_DESCRIPTION OF THE TASK_
Your task is to return all of the records exactly, minus any images.

_Items from a data source_
.....

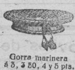
Gorra marinera a 8, 50, 4 y 5 pts.
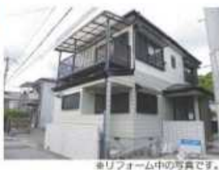
※リフォーム中の写真です。
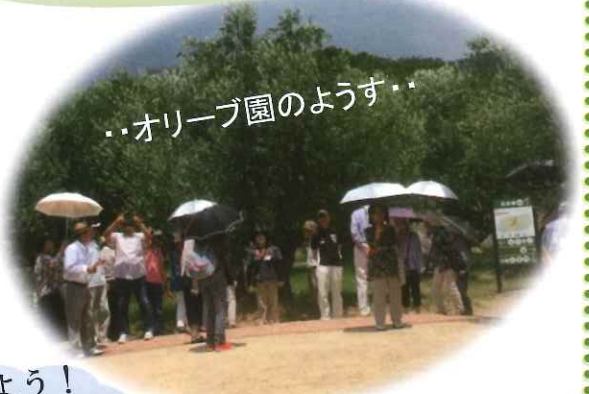
..オリーブ園のようす..
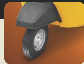
3 व्हीलर सेगमेंट में पहली बार ट्यूबलेस टायर्स
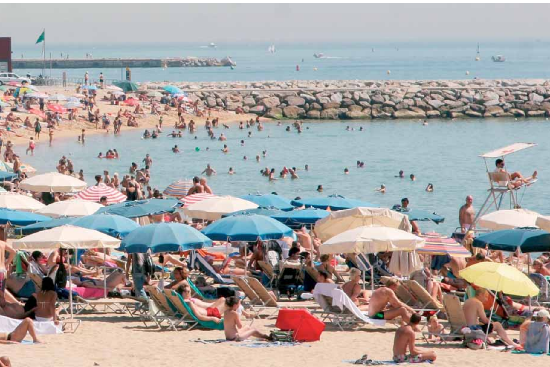
Imatge de la platja de Barcelona plena de gom a gom. A l'esquerra, r les platges que han obtingut bandera blava. J. SOTERAS
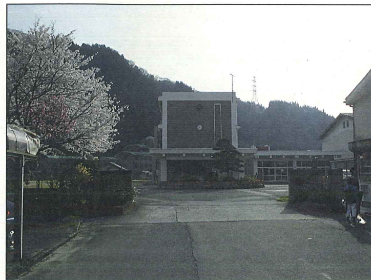
根雨小学校まで徒歩5分
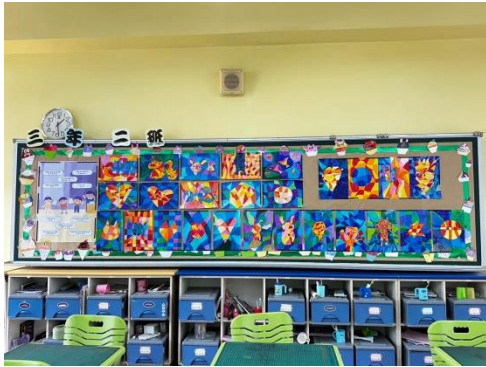
學生美術作品美化教室
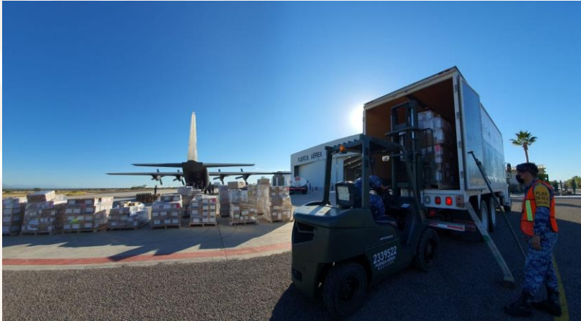
Entrega en Baja California Sur
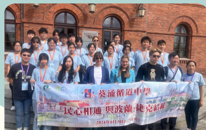
捷克波蘭交流團拜訪布拉格市政府，瞭解當地城市規劃
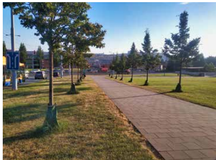
Zavlažovací vaky jsou lepším řešením než přímá závlaha.

Výhodou zavlažovacího vaku je rychlé zalití. V praxi to funguje tak, že je voda během několika málo sekund vpuštěna do vaku a pak 9 až 10 hodin odkapává ke kořenům stromu do tzv. závlahové mísy. „Pokud by závlaha probíhala bez vaku, trvala by déle, voda by se rozlívala do okolí a zřejmě by obsluha nedodala takové množství vody. Po ukončení vegetačního období vaky uklídíme a budeme instalovat zase v příštím roce. Věřím, že se nám osvědčí a další přikoupíme,“ doplnila arboristka Odboru městské zeleně Marie Su-
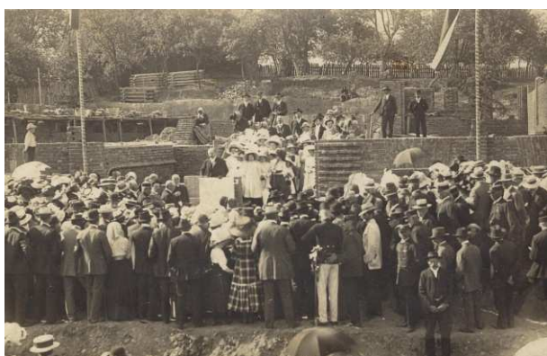
Položení základního kamene ke škole r. 1912
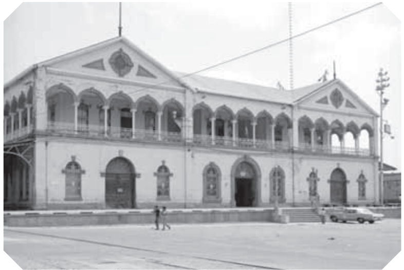
▲ Estación ferroviaria en Tamaulipas a finales del siglo XIX.

Estos cambios repercutieron en Tamaulipas, pues los paisajes cambiaron. Los grupos nómadas desaparecieron y se dedicaron a trabajar en las haciendas o en las minas, y a los antiguos cultivos se les sumaron el de ixtle y el de henequén, en la región de la Sierra Madre Oriental y los alrededores de Ciudad Victoria, que luego se vendían a los talleres de jarcería en Tula. En la región de San Carlos una compañía estadounidense extraía de las minas cobre, oro y plata.
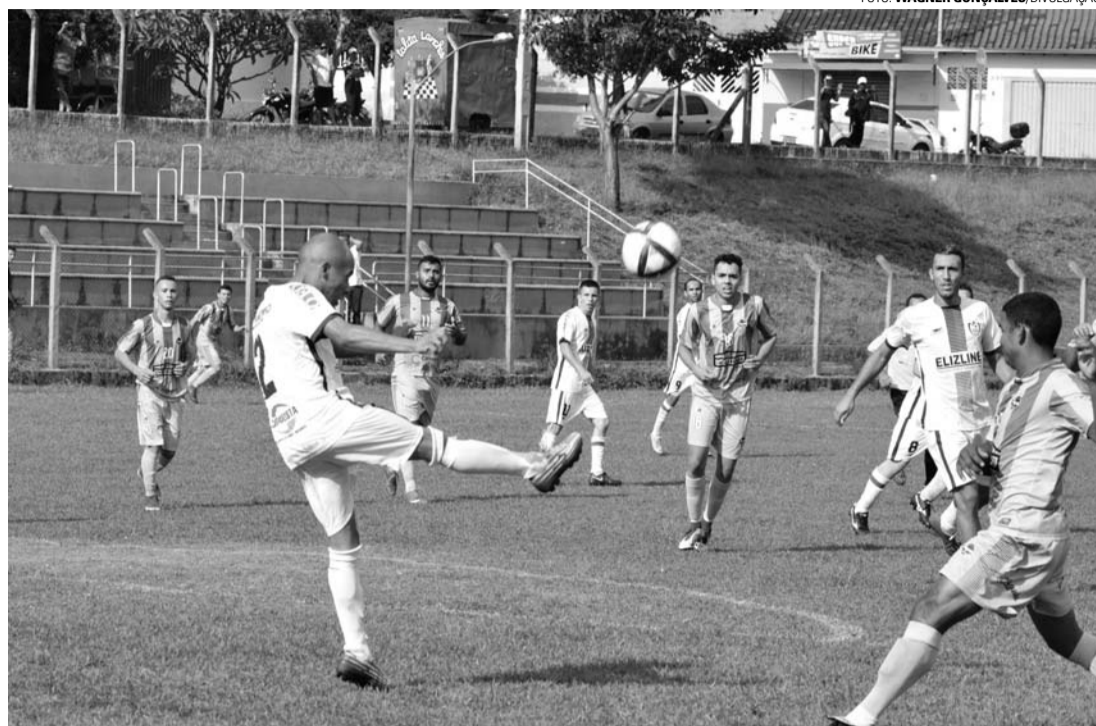
BOLA EM JOGO - Após vitória sobre Açaí, Asa Branca (uniforme branco) encara São Cristovão pela Série A

As equipes da Série B jogam apenas no domingo (23). No Estádio Municipal João Roberto Vagula (Vagulão), às 8h, o Unidos da Vila enfrenta o Reduto. Às 10h, duelam Grêmio da Vila e MA FC. No campo do Centro Esportivo Zéfiro Orsi (Jardim Ubirama), às 8h, o Chape encara o Capital. Às 10h, entram em campo Esportivo União e Real Lençóis. Na Cecap, às 8h, o Liverpool joga contra o Guarani. Às 10h, medem forças Esperantina e Nacional. Em Alfredo Guedes, às 8h, o Paulista pega o União Primavera. Às 10h, jogam Alfredo Guedes e Atlético Kaju.

.....

_YOUR RESPONSE_
Gorra marinera a 8, 50, 4 y 5 pts.
※リフォーム中の写真です。
..オリーブ園のようす..
3 व्हीलर सेगमेंट में पहली बार ट्यूबलेस टायर्स
Imatge de la platja de Barcelona plena de gom a gom. A l'esquerra, r les platges que han obtingut bandera blava. J. SOTERAS
根雨小学校まで徒歩5分
學生美術作品美化教室
Entrega en Baja California Sur
捷克波蘭交流團拜訪布拉格市政府，瞭解當地城市規劃
Zavlažovací vaky jsou lepším řešením než přímá závlaha.

Výhodou zavlažovacího vaku je rychlé zalití. V praxi to funguje tak, že je voda během několika málo sekund vpuštěna do vaku a pak 9 až 10 hodin odkapává ke kořenům stromu do tzv. závlahové mísy. „Pokud by závlaha probíhala bez vaku, trvala by déle, voda by se rozlívala do okolí a zřejmě by obsluha nedodala takové množství vody. Po ukončení vegetačního období vaky uklídíme a budeme instalovat zase v příštím roce. Věřím, že se nám osvědčí a další přikoupíme,“ doplnila arboristka Odboru městské zeleně Marie Su-
Položení základního kamene ke škole r. 1912
▲ Estación ferroviaria en Tamaulipas a finales del siglo XIX.

Estos cambios repercutieron en Tamaulipas, pues los paisajes cambiaron. Los grupos nómadas desaparecieron y se dedicaron a trabajar en las haciendas o en las minas, y a los antiguos cultivos se les sumaron el de ixtle y el de henequén, en la región de la Sierra Madre Oriental y los alrededores de Ciudad Victoria, que luego se vendían a los talleres de jarcería en Tula. En la región de San Carlos una compañía estadounidense extraía de las minas cobre, oro y plata.
BOLA EM JOGO - Após vitória sobre Açaí, Asa Branca (uniforme branco) encara São Cristovão pela Série A

As equipes da Série B jogam apenas no domingo (23). No Estádio Municipal João Roberto Vagula (Vagulão), às 8h, o Unidos da Vila enfrenta o Reduto. Às 10h, duelam Grêmio da Vila e MA FC. No campo do Centro Esportivo Zéfiro Orsi (Jardim Ubirama), às 8h, o Chape encara o Capital. Às 10h, entram em campo Esportivo União e Real Lençóis. Na Cecap, às 8h, o Liverpool joga contra o Guarani. Às 10h, medem forças Esperantina e Nacional. Em Alfredo Guedes, às 8h, o Paulista pega o União Primavera. Às 10h, jogam Alfredo Guedes e Atlético Kaju.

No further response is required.